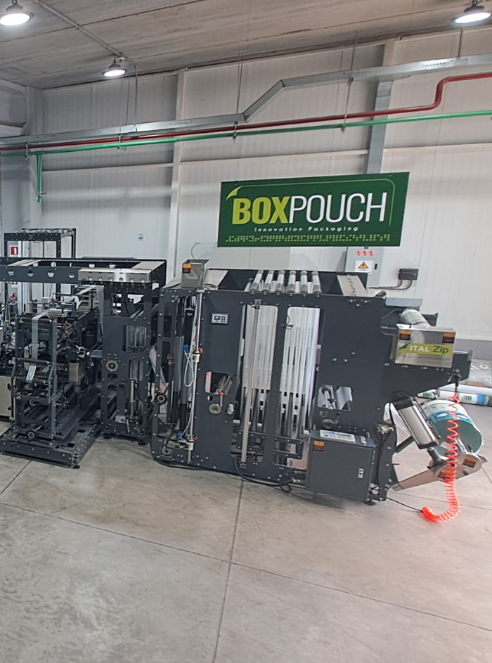 Las máquinas Box Pouch o Flat Bottom son una solución de envasado flexible de alta tecnología desarrollada para fabricar envases con fondo plano, conocidos por su estabilidad, eficiencia y menor impacto ambiental. Esta tecnología, distribuida por Italzip, permite la producción de envases con forma rectangular que optimizan espacio, reducen costos logísticos y mejoran la presentación del producto.
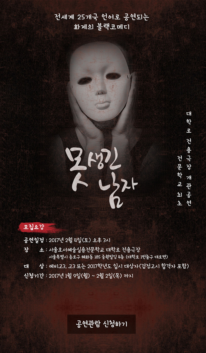 대학로 무료공연! <못생긴남자> 공연도 보고! 선물도 받고! 특별한 하루!
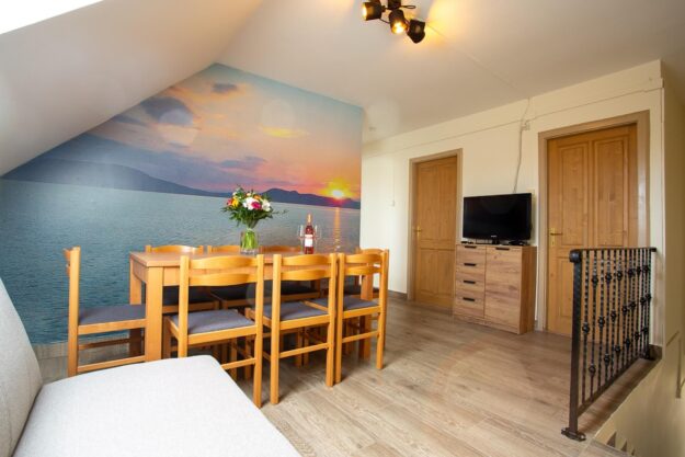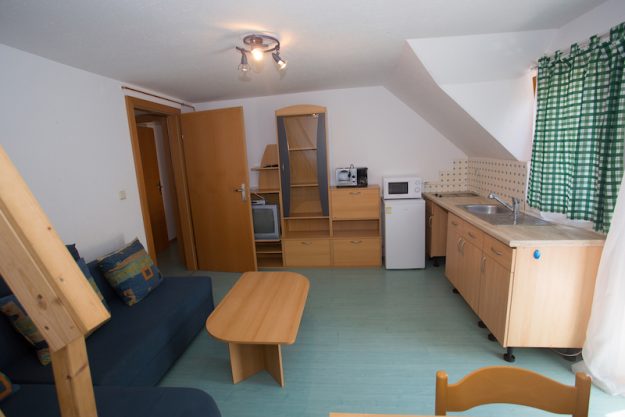Im Dachgeschoss des Gebäudes warten fünf gut ausgestattete Apartments auf Gäste, die preiswert ihren Urlaub am Wasser verbringen möchten.
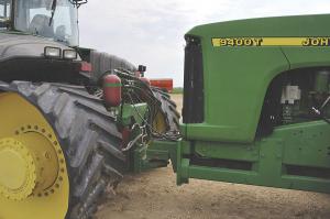 Joining the tractors involved developing a heavy-duty hitch that mounts on the drawbar of the front tractor. It’s designed to move up and down to accommodate movement between the coupled tractors. The hitch incorporates a pair of hydraulic cylinders and accumulators that provide dampening of movement. The hitch can be locked hydraulically when the front tractor is used for other tasks as a single unit.
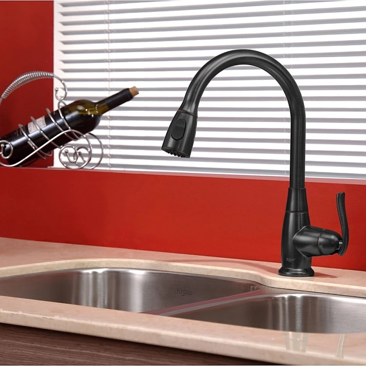 Описание товара - Смеситель для кухни с выдвижным изливом Kraus KPF-2230ORB черная бронза
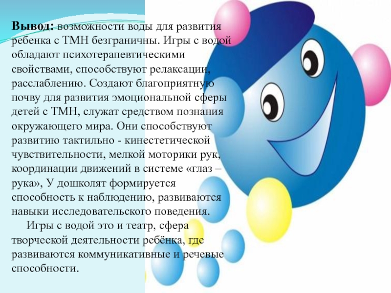 Вывод: возможности воды для развития ребенка с ТМН безграничны. Игры с
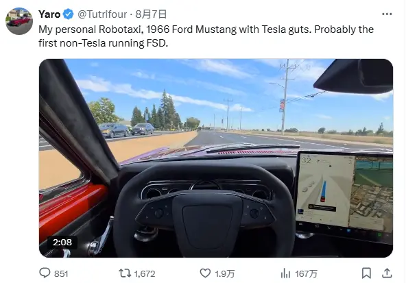 在看到這個視頻之前,可能很多人都沒見過這種“拼車”方式。將特斯拉的智駕技術和 1966 年的福特野馬結合,可不是靠“情懷”二字就能完成的事。
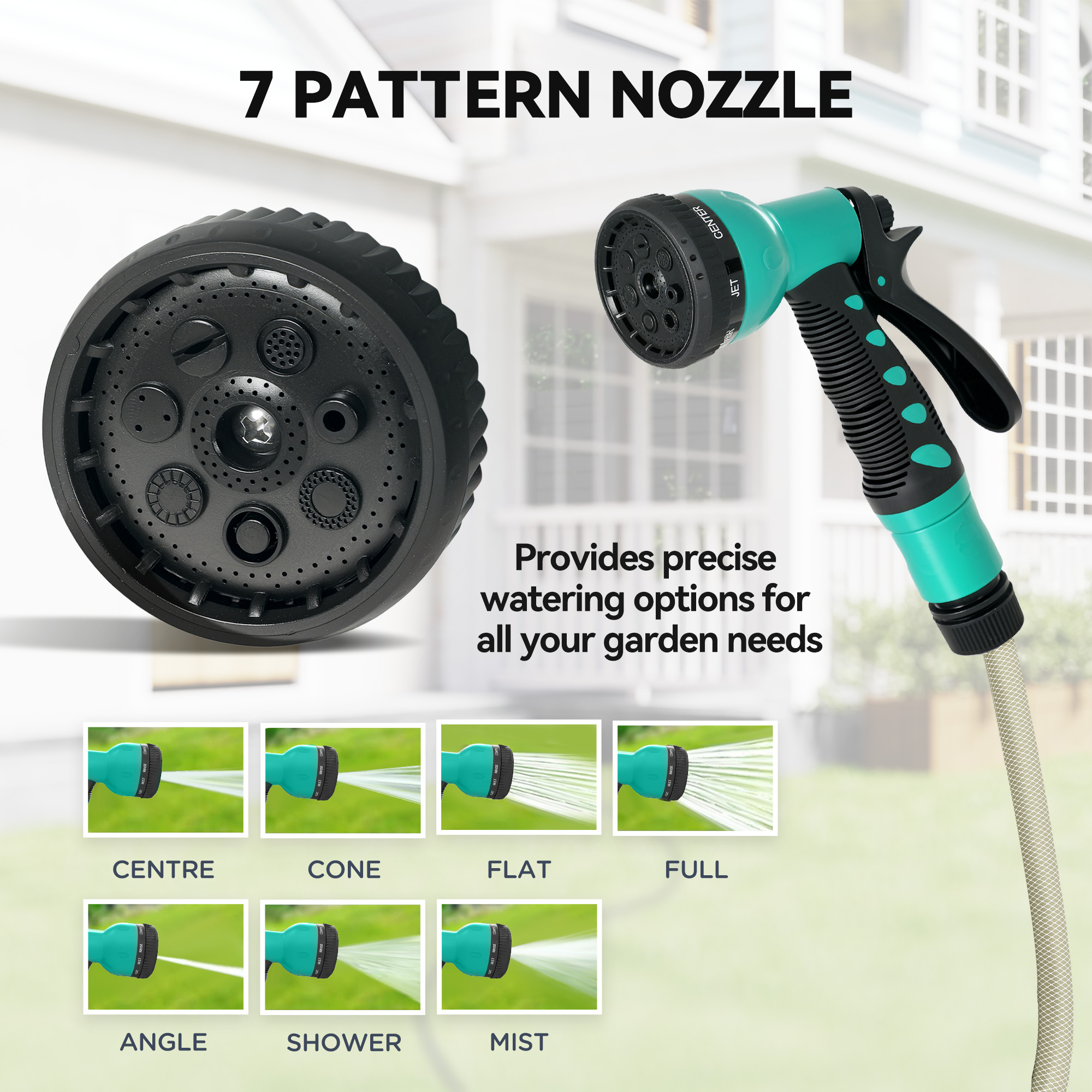 Discover the ease of watering with the Water Hose Reel. This retractable hose reel boasts a 30-metre hose with a nifty 180° swivel feature for effortless coverage. UV-resistant and equipped with an auto-rewind system, this wall mounted hose reel simplifies gardening. Enjoy tailored watering with seven unique patterns, ensuring every corner of your garden flourishes.
· · · · · · ·
TASK REQUIREMENTS
Output every entry verbatim but skip the pictures.

TASK ANSWER
 Las máquinas Box Pouch o Flat Bottom son una solución de envasado flexible de alta tecnología desarrollada para fabricar envases con fondo plano, conocidos por su estabilidad, eficiencia y menor impacto ambiental. Esta tecnología, distribuida por Italzip, permite la producción de envases con forma rectangular que optimizan espacio, reducen costos logísticos y mejoran la presentación del producto.
 대학로 무료공연! <못생긴남자> 공연도 보고! 선물도 받고! 특별한 하루!
Im Dachgeschoss des Gebäudes warten fünf gut ausgestattete Apartments auf Gäste, die preiswert ihren Urlaub am Wasser verbringen möchten.
 Joining the tractors involved developing a heavy-duty hitch that mounts on the drawbar of the front tractor. It’s designed to move up and down to accommodate movement between the coupled tractors. The hitch incorporates a pair of hydraulic cylinders and accumulators that provide dampening of movement. The hitch can be locked hydraulically when the front tractor is used for other tasks as a single unit.
 Описание товара - Смеситель для кухни с выдвижным изливом Kraus KPF-2230ORB черная бронза
 Вывод: возможности воды для развития ребенка с ТМН безграничны. Игры с
 在看到這個視頻之前,可能很多人都沒見過這種“拼車”方式。將特斯拉的智駕技術和 1966 年的福特野馬結合,可不是靠“情懷”二字就能完成的事。
 Discover the ease of watering with the Water Hose Reel. This retractable hose reel boasts a 30-metre hose with a nifty 180° swivel feature for effortless coverage. UV-resistant and equipped with an auto-rewind system, this wall mounted hose reel simplifies gardening. Enjoy tailored watering with seven unique patterns, ensuring every corner of your garden flourishes.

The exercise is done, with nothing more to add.